The gut punch Osama Bin Laden landed on 9/11 still stings. What he took from country on that terrible day can never be replaced, nor can the lives of the thousands of innocent men, women and children murdered in the name of some crusade. And even though it will still be a long time until we Americans fully heal from the pain of the worst terrorist attacks on our soil, we can rest assured that the man who became the epitome of evil in the modern world will never do this again.

It should be hard to deny the value of Bin Laden’s death on a wounded America. Even the 75-year old Dalai Lama implied that the killing of Osama Bin Laden was justified.

"Forgiveness doesn't mean forget what happened,” the holy leader told a crowd at USC just days after the killing, also adding that sometimes you have to take counter measures. 

Though Bin Laden is survived by at least 18 children. It is believed that none of his sons have ever played any real operational roles in al-Qaeda or were ever groomed to in any way succeed their father as the head of the world’s most notorious terrorist organization. 

Are there any young like-minded radicals out there willing to take Osama Bin Laden’s place as the leader of al-Qaeda’s jihad against the West? Truth is there are dozens, if not hundreds. There also has been much speculation that al-Qaeda may soon see the base of its operations move to Yemen where sympathies for their cause run deep.
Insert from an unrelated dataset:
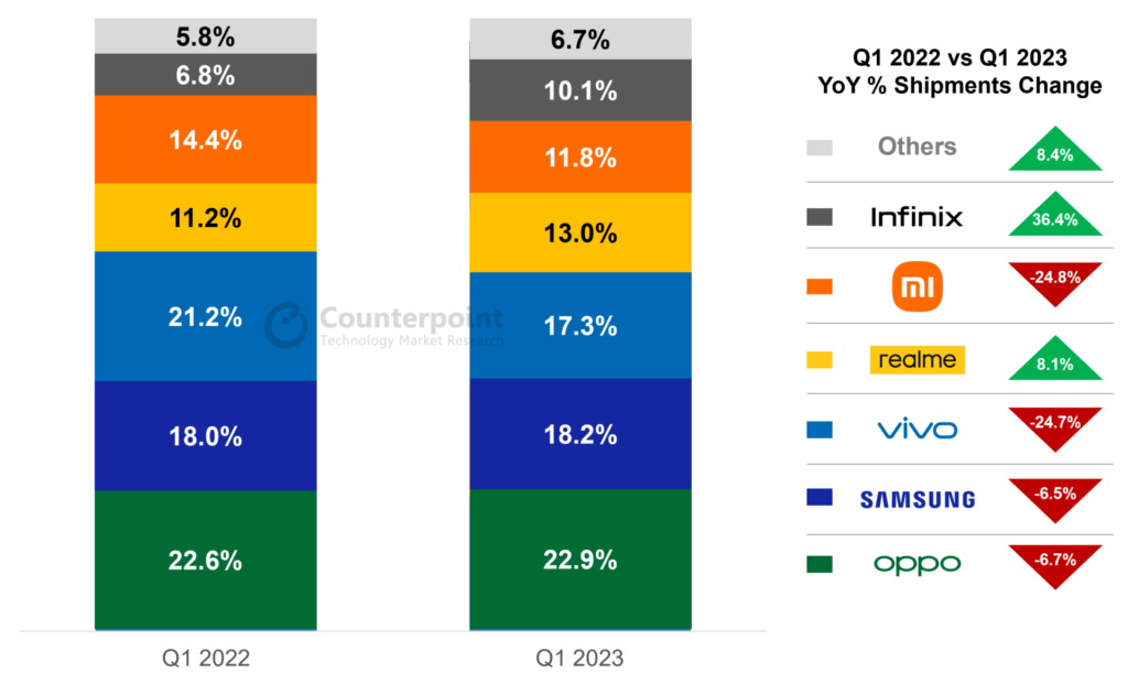 Laporan tersebut sekaligus menunjukkan bahwa realme menjadi satu-satunya Top 5 Smartphone brand di Tanah Air yang mencatatkan peningkatan. Secara keseluruhan pengiriman smartphone di Indonesia pada Q1 2023 mengalami penurunan 7,6% YoY. Momen Ramadan serta kehadiran realme C55 NFC berhasil meningkatkan penjualan berkat fitur-fitur yang diberikan. Sehingga bisa meningkatkan kembali gairah performa pasar yang pada akhirnya membawa realme ke prestasi membanggakan.

Only time will tell whether we have cut the head off of the snake or just one of the many heads of the hydra. 

Still, there is also reason to believe that al-Qaeda is already running scared. Just three days after Bin Laden’s death was announced to the world, Khaled Hathal Abdullah al-Atifi, an al-Qaeda operative on many wanted lists, phoned authorities in Pakistan to surrender. Obviously, to al-Atifi, a jail cell was preferable than a bullet to the head. 

So if the manhunt for Osama Bin Laden is any indication, all other terrorist enemies of America would best think twice lest they believe they can win this war. For what awaits them is not martyrdom or success, but more than likely, a gruesome death at the hands of U.S. soldiers.
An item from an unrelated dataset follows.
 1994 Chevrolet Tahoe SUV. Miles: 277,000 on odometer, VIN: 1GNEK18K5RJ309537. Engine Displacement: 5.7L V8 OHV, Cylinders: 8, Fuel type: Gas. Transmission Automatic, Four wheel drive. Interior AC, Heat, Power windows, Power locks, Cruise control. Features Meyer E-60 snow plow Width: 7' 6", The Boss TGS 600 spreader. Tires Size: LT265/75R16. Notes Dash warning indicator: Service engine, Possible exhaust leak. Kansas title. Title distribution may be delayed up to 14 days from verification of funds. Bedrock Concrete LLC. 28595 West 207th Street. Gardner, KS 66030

On May 5th, just four days after speaking to the world on live television to announce the death of the man U.S. Military forces had hunted for almost a decade, President Barack Obama flew to New York City and paid a visit to Ground Zero. There he spoke with police officers and firefighters whose brothers were lost on 9/11 along with the 2,752 people killed in the World Trade Center. There at the site of the attacks, the Commander in Chief somberly laid a wreath patriotically created out of red, white and blue flowers. No grand speech was made. Heads were bowed in prayer and reflection. 

“When we say we will never forget, we mean what we say,” declared the President.  

Though his words held a double-edged meaning, this day was not in any way about the murderer who had been brought to justice, but about the murdered themselves. The American story has always been one of survival and struggle, from our colonial ancestors who founded this land to build a better tomorrow for their children to the men and women who fought to preserve freedom both here and overseas. 

Mostly the American story is one of remembrance. 

We will never forget those who were lost. 

We can and will survive anything because no matter how hard our enemies may try, they can never kill the indomitable spirit that defines us.